As mentioned in the introduction of the scenario, the main flow data contains only people whose age is either 40 or 60. To avoid the pain of loading all lookup rows, including ages that are different from 40 and 60, you can use the main flow age as global variable to feed the lookup filtering.
Drop the Age column from the main flow table to the Expr. field of the lookup table.
Then in the globalMap Key field, put in the variable name, using the expression. In this example, it reads:
Click OK to save the mapping setting and go back to the design workspace.
To finalize the implementation of the dynamic filtering of the lookup flow, you need now to add a WHERE clause in the query of the database input.

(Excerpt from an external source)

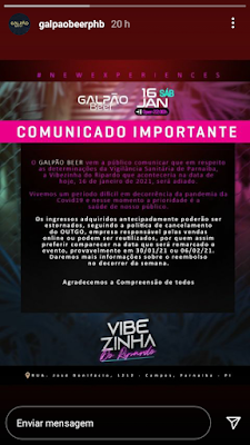 A produtora do evento ainda informou que estaria devolvendo o valor do ingresso virtual,ou reagendando o evento, com grupos de Teresina para o mês de fevereiro.  Galpão Ber é um local que têm capacidade para mais de 200 pessoas,e voltou suas atividades  há pouco mais de um mês. (WagnerRoberto)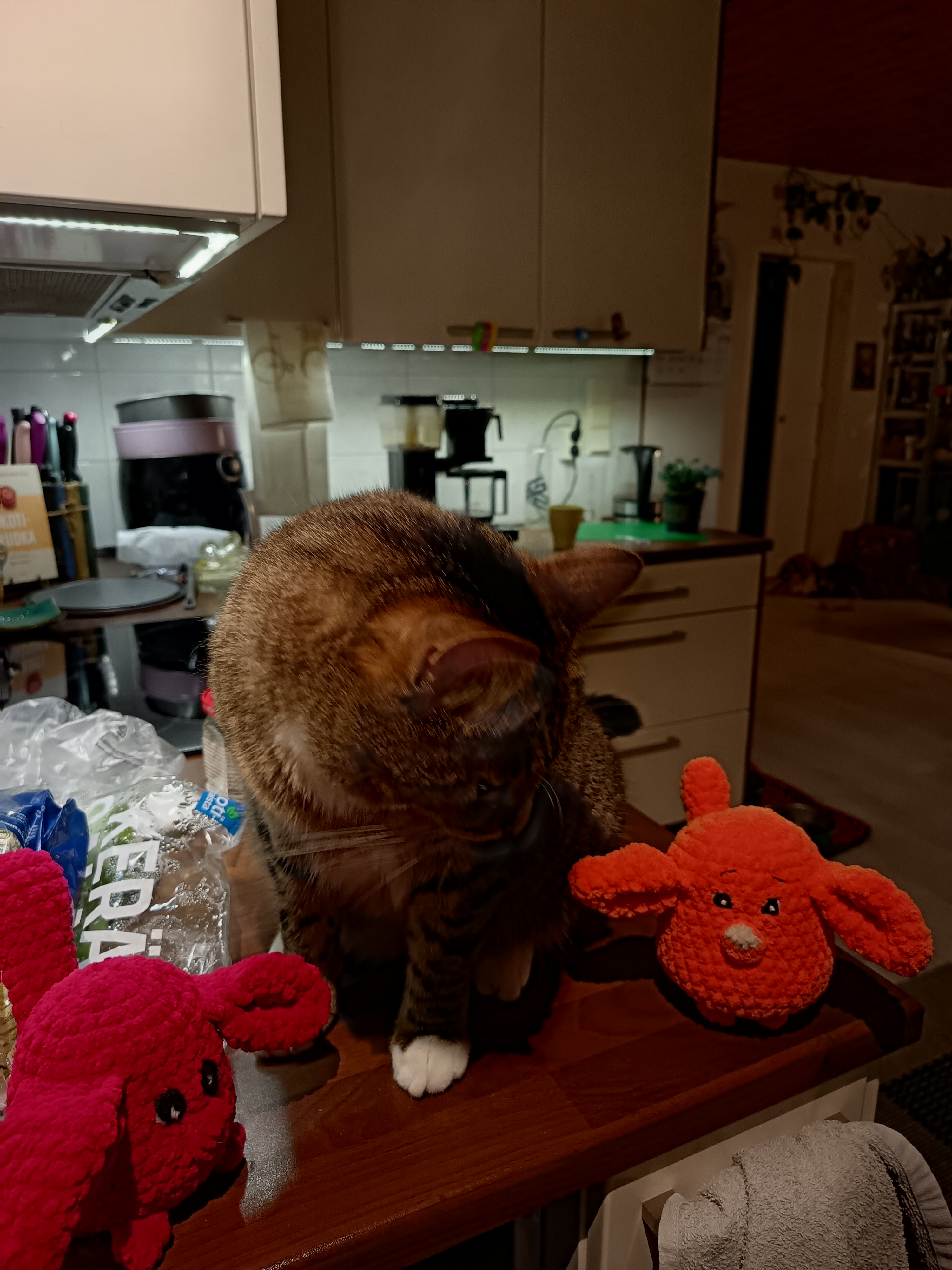 Riivilöt olivat alkaneet tänään seurata nuorinta kissaa. Mitä se tekikin, Riivilö joukko oli taatusti mukana. Emäntä oli tuonut kanalaan salaatteja kaupasta ja kissa uteliaana kiipesi pöydälle hauskan kuuloisia pusseja katselemaan. Kissa pureskeli mielellään aina pakkauspusseja ja niin se teki tälläkin kertaa. Riivilöt matkivat sitä ja pureskelivat myös pussia kulmasta. Emäntä nosti pussit toiseen paikkaan pöydälle, mutta kissa ja sen fanijoukko seurasi. Taas purtiin pussin kulmaa, kunnes emäntä nappasi salaatit ja avasi pussit huokaisten kissalle.

At the end of the Query field, following the
Selectstatement, type in the following WHERE clause:
WHERE AGE ='"+((Integer)globalMap.get("people.Age"))+"'"
Make sure that the type corresponds to the column used as variable. In this use case, Age is of Integer type. And use the variable the way you set in the globalMap key field of the map editor.
Double-click the tMysqloutput component to define its properties.
Select the Use an existing connection check box to leverage the created DB connection.
Define the target table name and relevant DB actions.
Press Ctrl + S to save the Job.
Click the Run tab at the bottom of the design workspace, to display the Job execution tab.
From the Debug Run view, click the Traces Debug button to view the data processing progress.
For more comfort, you can maximize the Job design view while executing by simply double-clicking on the Job name tab.
The lookup data is reloaded for each of the main flow's rows, corresponding to the age constraint. All age matches are retrieved in the lookup rows and grouped together in the output flow.
Therefore if you check out the data contained in the newly created people_mixandmatch table, you will find all the age duplicates corresponding to different individuals whose age equals to 60 or 40 and the city where they have been to.